# beach fishing night



## garrettjh87 (May 2, 2009)

Can any one give me some hints on fishing pensacola beach at night. Takel info or spots even (dont give up your hot spot). It would be great to get some help. Thank you.:bowdown


----------



## JoeTheFisherman (May 26, 2008)

Depends on what you are fishing for. Sharks need heavy tackle, preferably 10/0-15/0 circle hooks, steel cable leader of about 150-200lb test and large baits (mullet, ladyfish, whole squid, etc). Blues and reds can be had with medium tackle, 5/0-10/0 circle hook and they will bite a variety of cut bait and shrimp, as well as artificials. Pompanos and whiting can be caught using a pompano rig baited with live, fresh dead or frozen shrimp as well as sand fleas. As far as locations go, you want to look for cuts along the shoreline, and fish in those pockets. they are noticeably deeper then the rest of the beach.

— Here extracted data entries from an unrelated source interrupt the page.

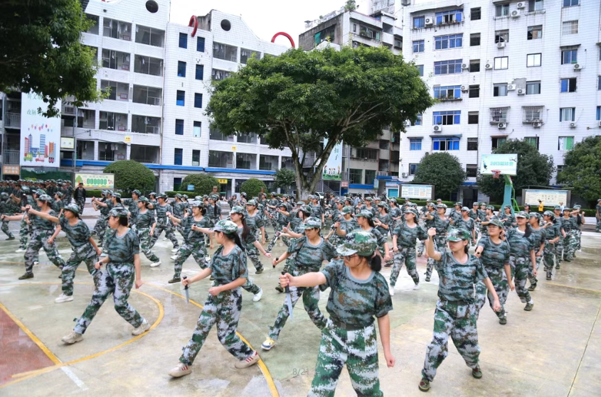 四川省达县职业高级中学高一年级军训日程过半,在完成常规训练任务的同时,同学们积极参与三大特色科目训练,展现出饱满的热情与昂扬的青春风貌,成为校园中一道亮丽的迷彩风景线。 刺杀操:铁血男儿展军人气魄 刺杀操方阵由该校男同学组成,训练时,他们手持木枪,眼神锐利坚毅,尽显少年锐气。随着教官一声令下,同学们迅速进入状态,挥枪、突刺、收枪等动作一气呵成,刚劲有力的姿态中,满是军人的威武气势。此刻的他们,仿佛化身为守护家国的战士,将青春的血性与担当展现得淋漓尽致。 军体拳:阳刚少年释热血豪情 同样由男同学组成的军体拳方阵,训练场上尽显活力。他们精神抖擞地站定,出拳时虎虎生风,踢腿时凌厉迅猛,整套军体拳动作整齐划一,刚柔并济的姿态里,满是少年的阳刚之气。每一个动作都蕴含着力量与技巧,将青春的热血豪情展现得十分到位。 匍匐刀:巾帼少女显别样风采 与前两个方阵不同,匍匐刀科目由女同学组成。这支 “巾帼方阵” 在训练场上同样耀眼。她们手持塑料仿真匍匐刀,身姿挺拔,英姿飒爽。训练过程中,同学们认真聆听教官讲解动作要领,反复练习挥刀、前刺、反刺等动作,每一个环节都毫不松懈,一招一式丝毫不逊色于男同学。她们用坚韧不拔的毅力和勇敢无畏的精神,诠释出新时代女性的别样风采。 此次三大特色军训科目,均由经验丰富的军训教官全程悉心指导。从基础动作的规范纠正,到整体方阵的配合协调,教官们耐心讲解每一个细节,对同学们的训练严格要求。同学们也始终热情高涨,全身心投入到训练之中,在学校操场上掀起了一股刻苦训练的热潮。 此次特色军训科目训练,不仅帮助同学们强健了体魄,更在日复一日的训练中锤炼了他们的意志,让大家在团队协作中培养出强烈的集体意识与团结协作精神,成为本次军训中最亮眼的特色与亮点。
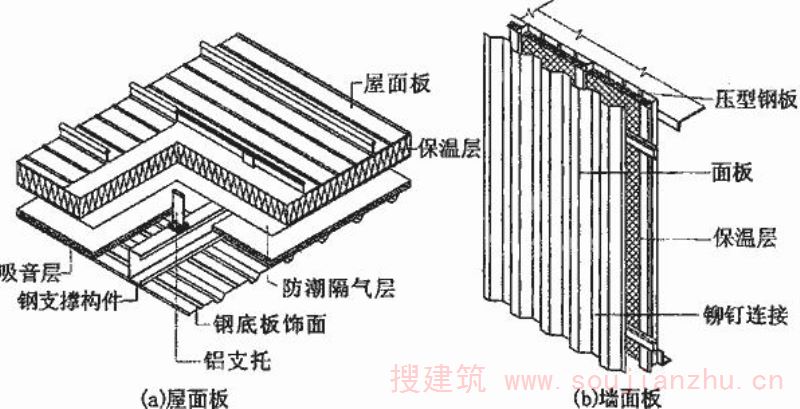 11.5.1 铝合金屋面板和墙面板的基本构造如图20。
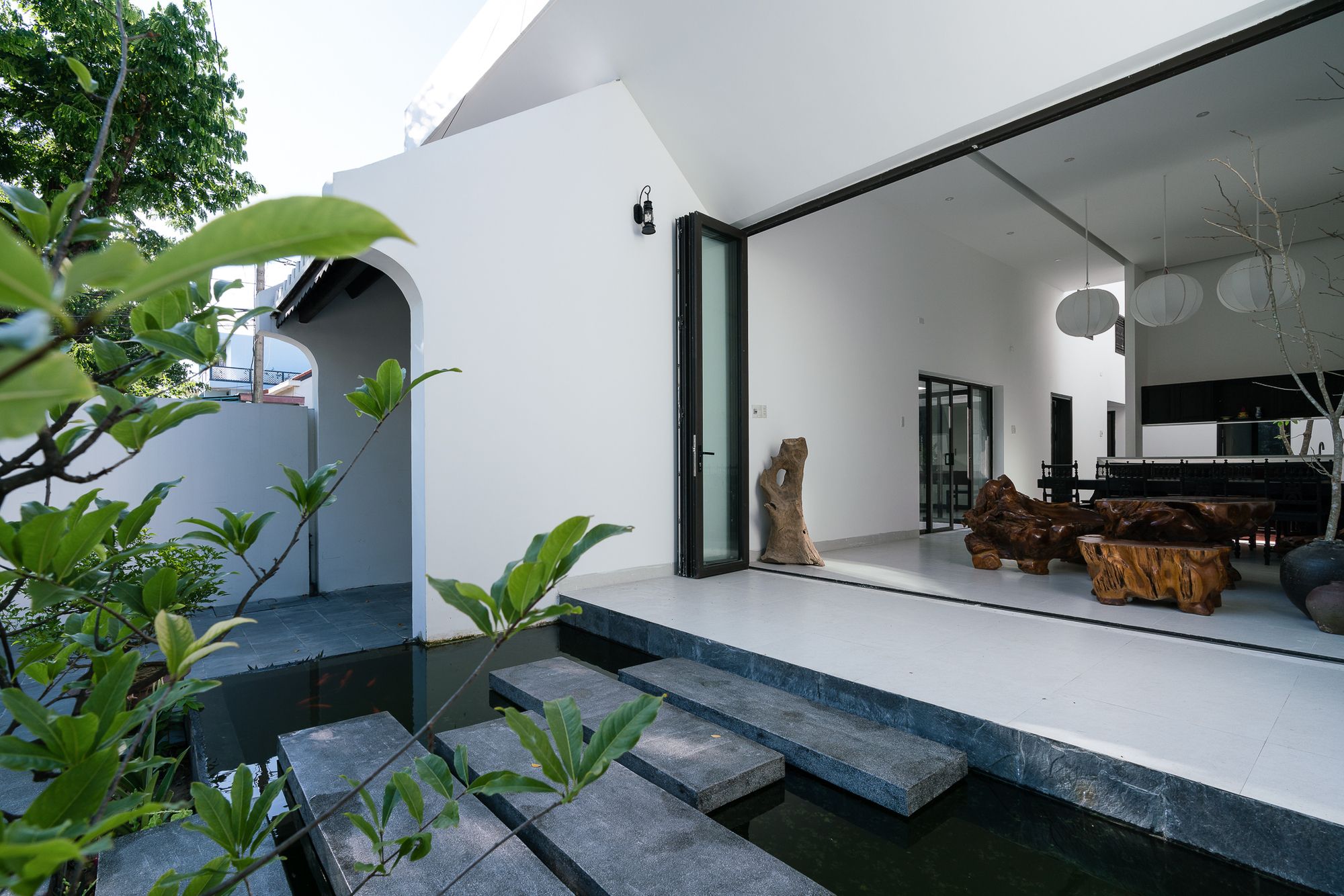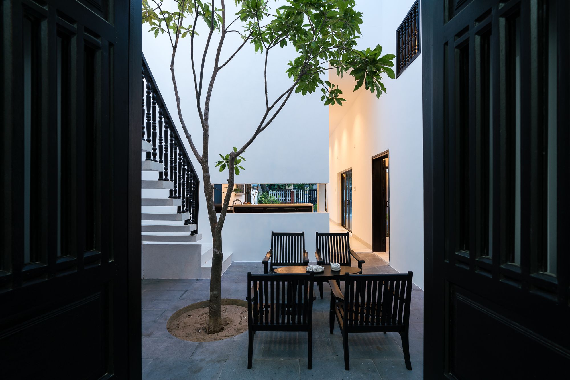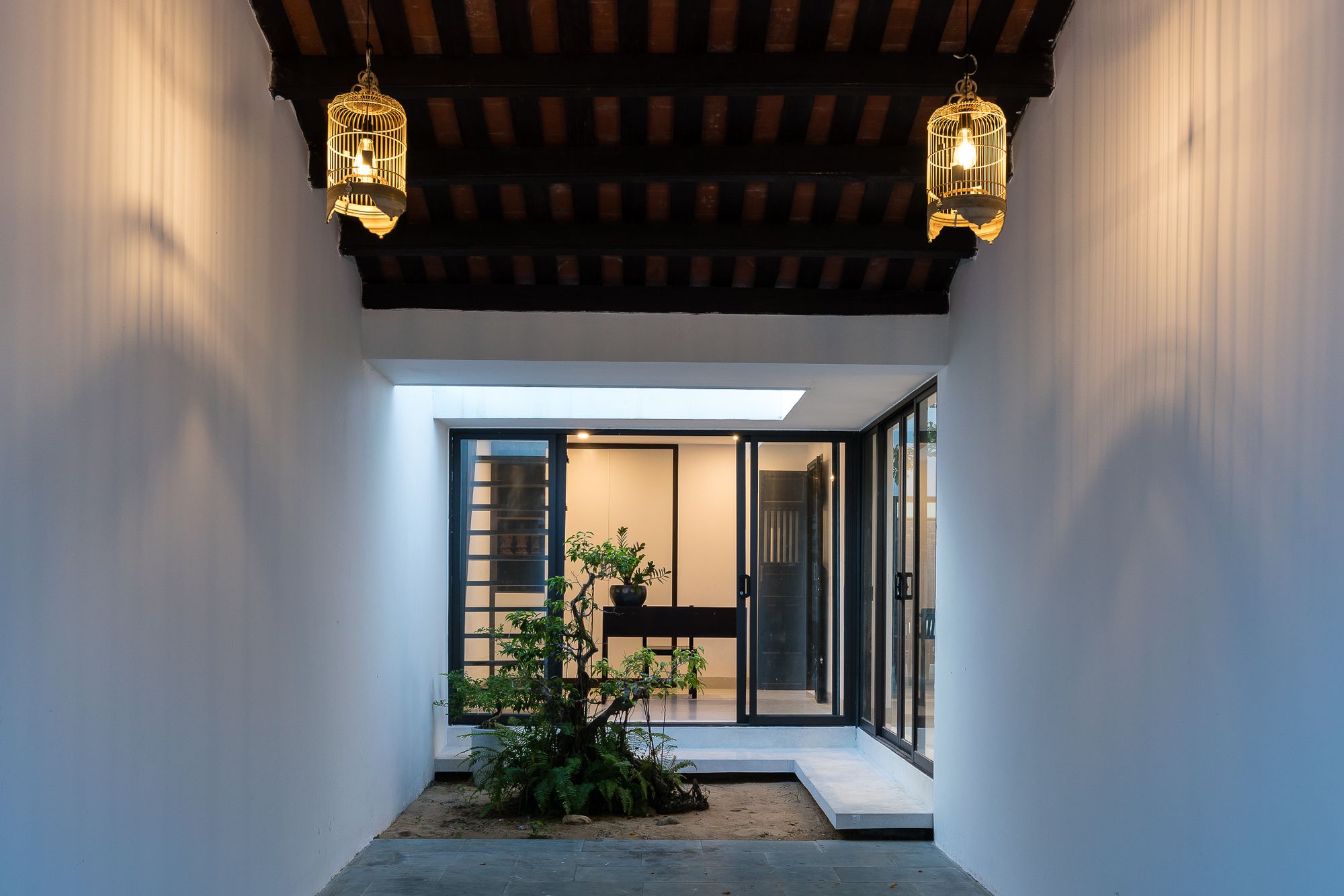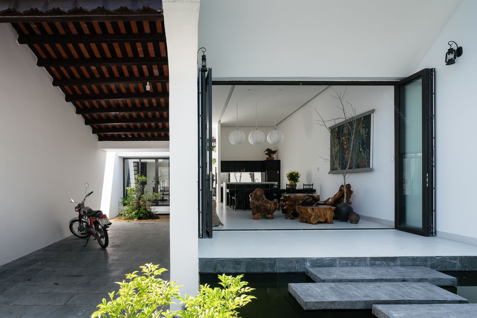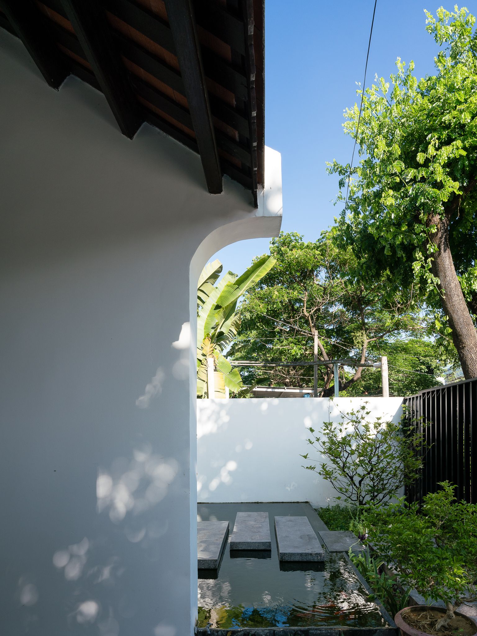 The principal Architect used the traditional elements of ancient Hoi An house consist of the back baluster factor and the “Thuong Song Ha Ban” door system to design a small house which reflects the traditional elements combined with the modern elements. Especially, the roof of the garage area is designed by double tile ( Am Duong tile in Vietnamese) which is the traditional tile of an ancient house in Vietnam. In addition to, the shape of the garage is reformed similar to the traditional house.

You will also notice 2 or 3 sand bars out in the water. The key is to fish in the gut between the sandbars, or if you are really daring (but I would advise against it at night) wading out as far as you can to cast beyond the sandbars. Good luck


----------



## garrettjh87 (May 2, 2009)

ok what about some peirs or other spots than the beach any suggestions


----------



## pcolafisherman (Feb 3, 2009)

i was just at the pcola beach pier and there was nothing but i know that there are some holes behind portifino.


----------